##### ENTRIES SUPPLIED #####

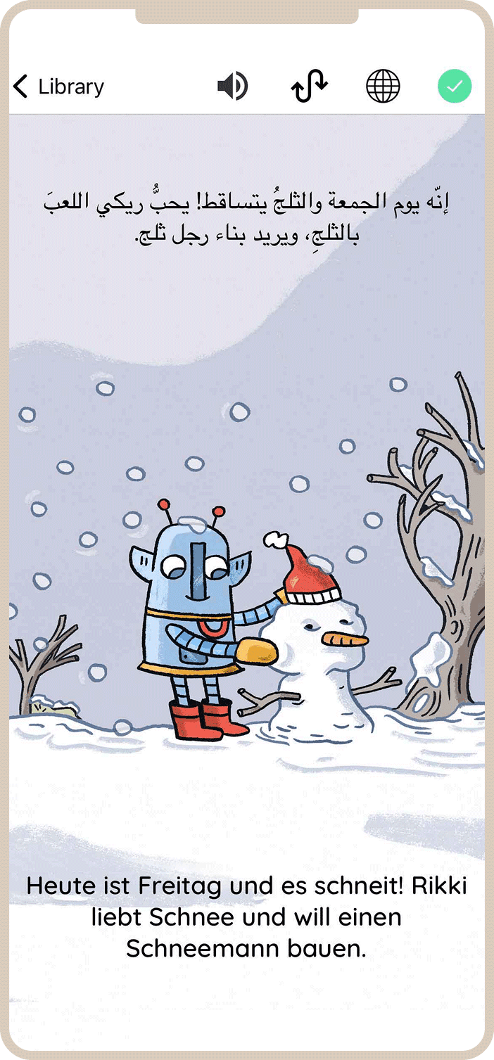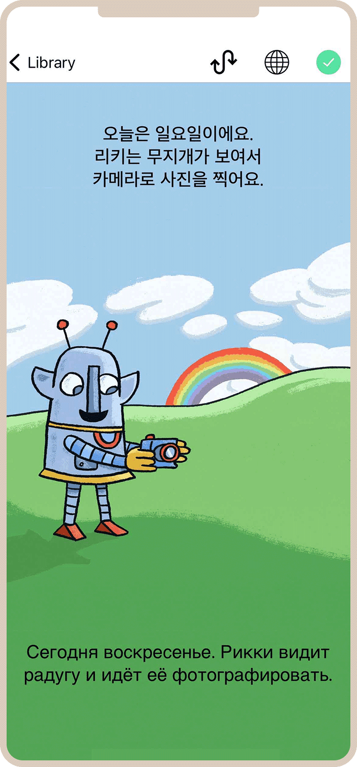 Unuhi — это приложение с библиотекой интерактивных книг, которые можно читать на двух языках одновременно. Выбираете любую пару из 20 доступных языков (английский, французский, испанский, китайский, арабский и другие) и читаете историю, где текст сразу отображается на обоих языках.
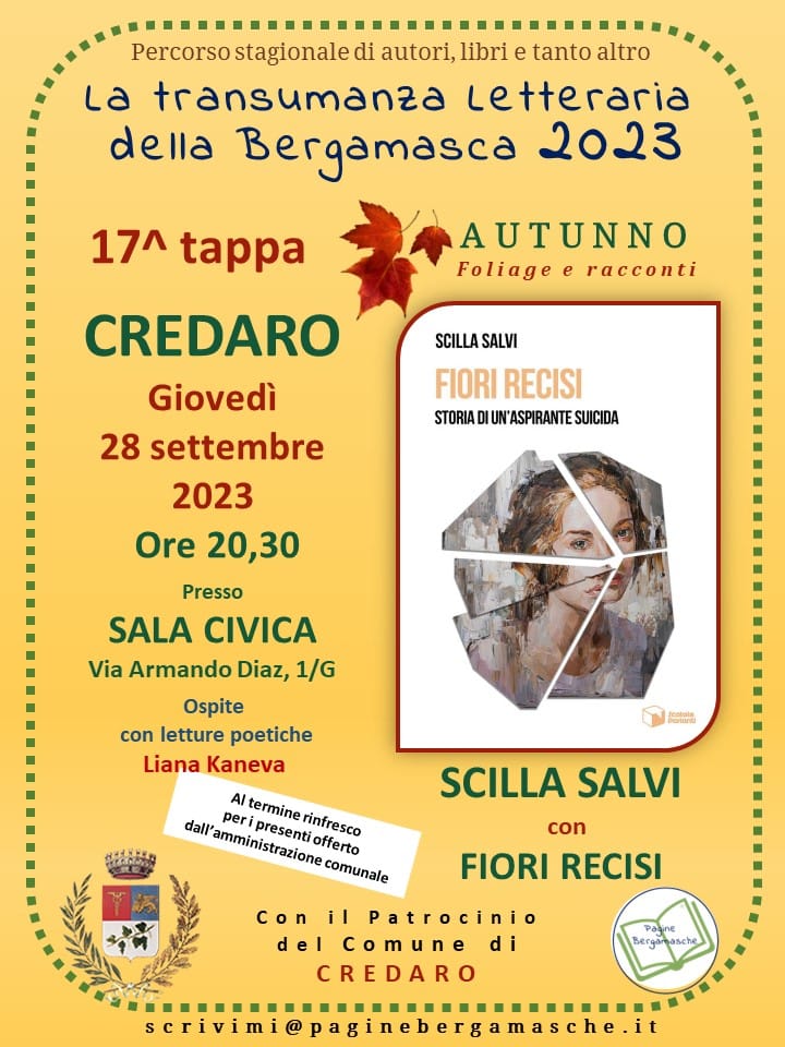 Giovedì 28 settembre, alle ore 20,30, si terrà presso la Sala Civica (Via Armando Diaz, 1/G) di Credaro la 17a tappa di "La Transumanza Letteraria della Bergamasca 2023", il percorso letterario di autori sul territorio bergamasco.
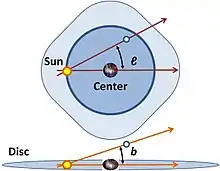 Galaktisk længde ℓ – vinklen, målt langs galaktisk ækvator, mellem objektet og den galaktiske nul-længdegrad. Mao. den galaktiske længde er næsten identisk med den galaktiske ækvatorialvinkel mellem objektet og Sagittarius A*. Galaktisk længde øges i samme retning som rektascensionen, men angives i grader i intervallet: [0°;360°[
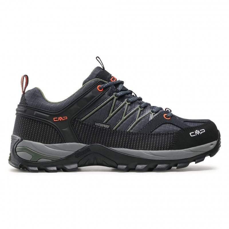 CMP Rigel LOW to buty trekkingowe z charakterystycznymi kolorowymi detalami, które przyciągają wzrok utrzymując sportowy design. Autorska membrana ClimaProtect®, zapewnia całkowitą wodoodporność i wysoki stopień oddychalności, umożliwiając wędrówki praktycznie o każdej porze roku. Podeszwa oparta o technologię CMP FullOn GRIP, sprawia że but bardzo dobrze trzyma się na różnych rodzajów podłoża. Buty RIGEL posiadają wbudowany stabilizator kostki. Dzięki temu kostka ma usztywnienie i podparcie, co chroni przed przemieszczaniem się podczas chodzenia po nierównych terenach. W celu wzmocnienia konstrukcji i zwiększenia wytrzymałości użyto materiał Kevlar, który otacza dolną część cholewki. Jest to jedno z najtrwalszych tworzyw, którego włókna są odporne na rozciąganie. Wzmocniona konstrukcja palców minimalizuje ryzyko odniesienia bolesnej kontuzji i uszkodzenia cholewki. W podeszwie buta zastosowana została lekka, elastyczna i sprężysta pianka EVA (Ethylene-Vinyl-Acetate) w technologii Ortholite wspomaga dopasowanie i amortyzację stopy. Poprawia również cyrkulację powietrza, w trosce o komfort stóp podczas długich wędrówek. Dodatkowe wzmocnienie z TPU zostało zastosowane w tylnej części podeszwy w celu zwiększenia stabilności i podparcia dla stopy.
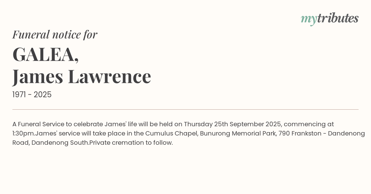 James' service will take place in the Cumulus Chapel, Bunurong Memorial Park, 790 Frankston - Dandenong Road, Dandenong South.
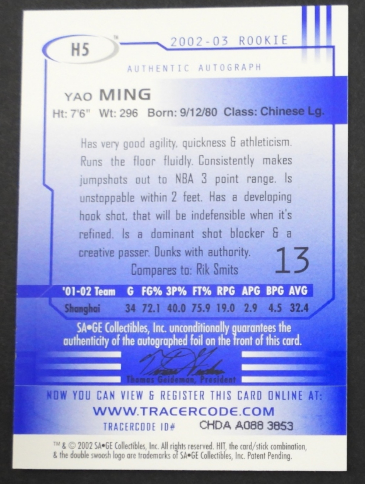 2002-03 SIGNED ROOKIE CARD. 27/250. WITH TRACER CODE. NM
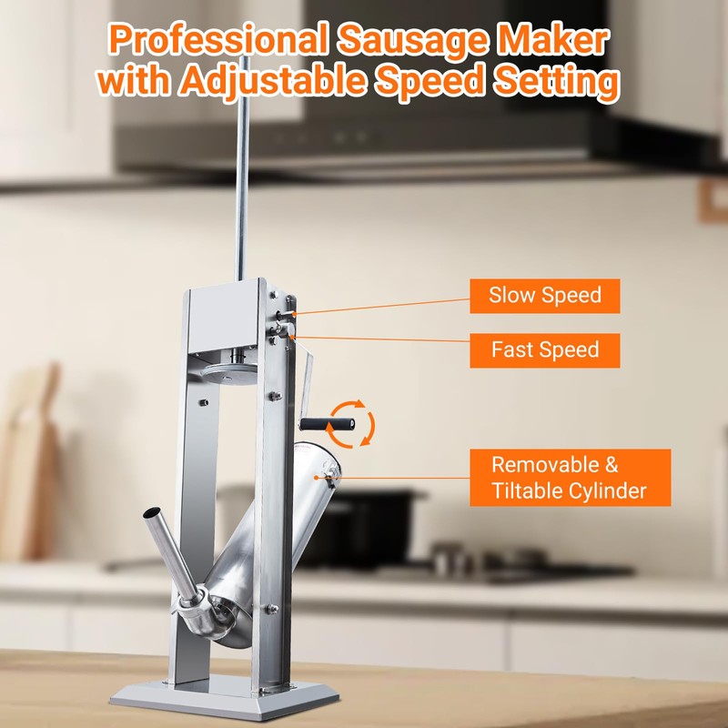 - 【Adjustable Two Speeds】Our sausage stuffer machine has two adjustable filling speeds with removable regulating handle. High speed is suitable for filling sausage and low speed is used for filling sausage casings.
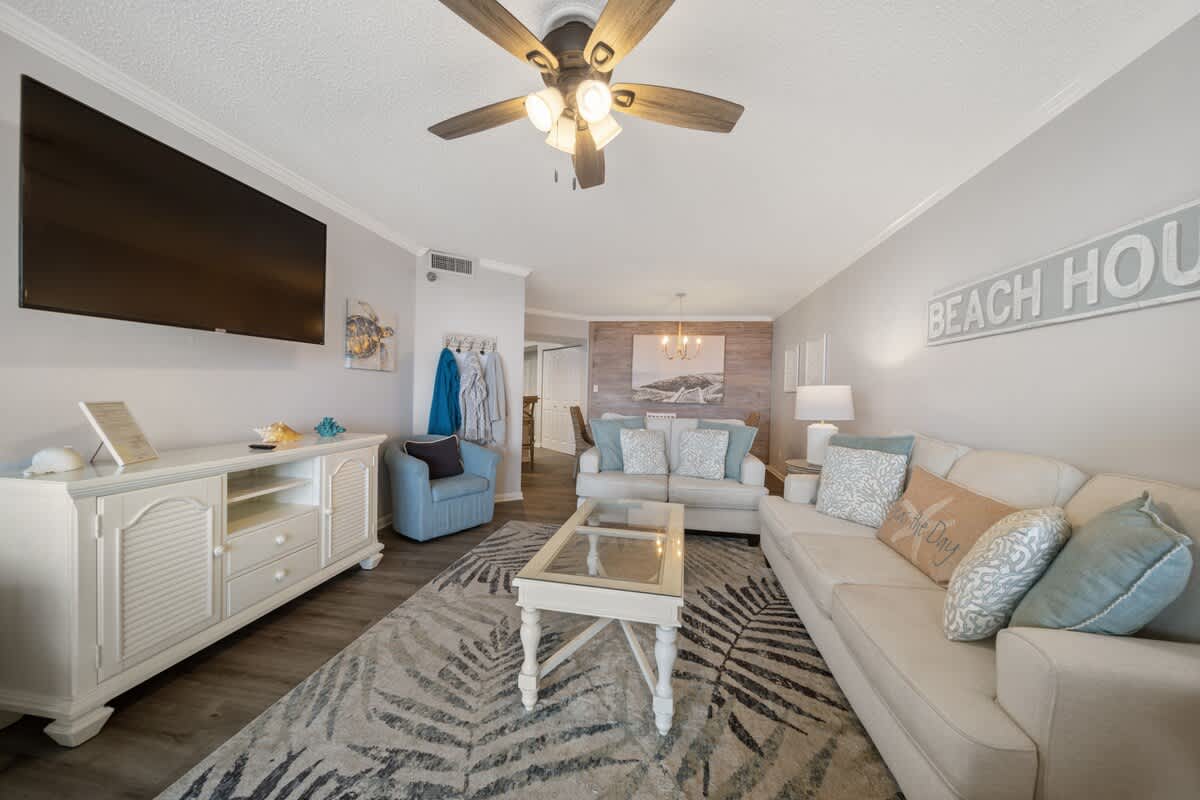 The living room is the definition of cozy-chic, decked out with plush sofas, nautical accents, and a big ol’ flat-screen TV perfect for movie nights after a day in the waves. Floor-to-ceiling sliding glass doors let in endless sunshine and lead right to the oversized patio—your personal slice of paradise with plenty of seating for sunset sips and salty-air lounging.
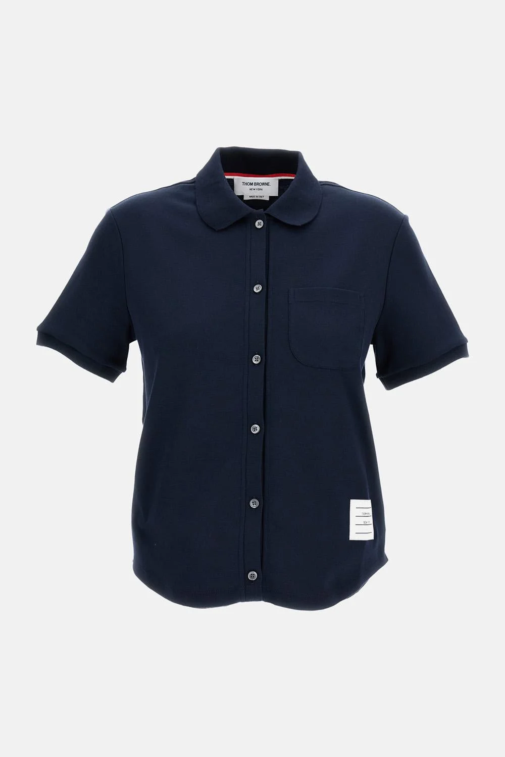Short-sleeve polo with full front button closure Ribbed collar and sleeves Chest patch pocket Signature striped grosgrain back tab Color: blue Made in Italy Details and Care Color: Blu Composition: 100% CO Made in: Italia Sku: FJP125AJ0055415

#####

## [TASK DIRECTIONS]
Above are some records; extract exactly the lines from the one containing "James' service will" through the one containing "The living room" and drop the pictures.

## [EXERCISE ANSWER]
 James' service will take place in the Cumulus Chapel, Bunurong Memorial Park, 790 Frankston - Dandenong Road, Dandenong South.
 2002-03 SIGNED ROOKIE CARD. 27/250. WITH TRACER CODE. NM
 - 【Adjustable Two Speeds】Our sausage stuffer machine has two adjustable filling speeds with removable regulating handle. High speed is suitable for filling sausage and low speed is used for filling sausage casings.
 The living room is the definition of cozy-chic, decked out with plush sofas, nautical accents, and a big ol’ flat-screen TV perfect for movie nights after a day in the waves. Floor-to-ceiling sliding glass doors let in endless sunshine and lead right to the oversized patio—your personal slice of paradise with plenty of seating for sunset sips and salty-air lounging.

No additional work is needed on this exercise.